3 of 5 added info about problem's origin and an attempt to solve it

DFA, lower bound on number of states, language with primes and remainders

This is an exercise from old exam on formal languages that I don't know how to solve:

Let $p \ge 5$ be a prime number and $L_p$ be a language of words over $\{0,1\}$ that read in binary from right (i.e. from least significant bit) give a number that gives remainder modulo $p$ from the set $\{1,2, \ldots, \frac{p-1}{2}\}$.

How to show that:

Every DFA recognizing $L_p$ has at least $2p$ states.

?

One fact that I know of and is somehow related (has DFA and primes in the statement) is:

Any DFA recognizing language $\{0^n : n \text{ is not divisible by } p\}$ has at least $p$ states.

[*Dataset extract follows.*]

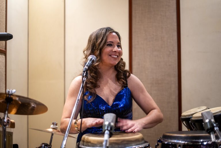 Instruments she can play onboard: drum kit, flamenco cajón, bongo, congas, timbales, electronic drums.

This can be seen by observing that the language is infinite, hence any DFA must have a reachable cycle, from which some accepting state is reachable. And if that cycle had less than $p$ states, then because any number smaller than $p$ is coprime with $p$, we could loop sufficiently many times in that cycle and arrive at the aforementioned accepted state with a word $0^{kp}$ for some natural $k$ - a contradiction.

Maybe it's possible to use this fact, or alter this proof somehow to make it fit for the theorem with $L_p$?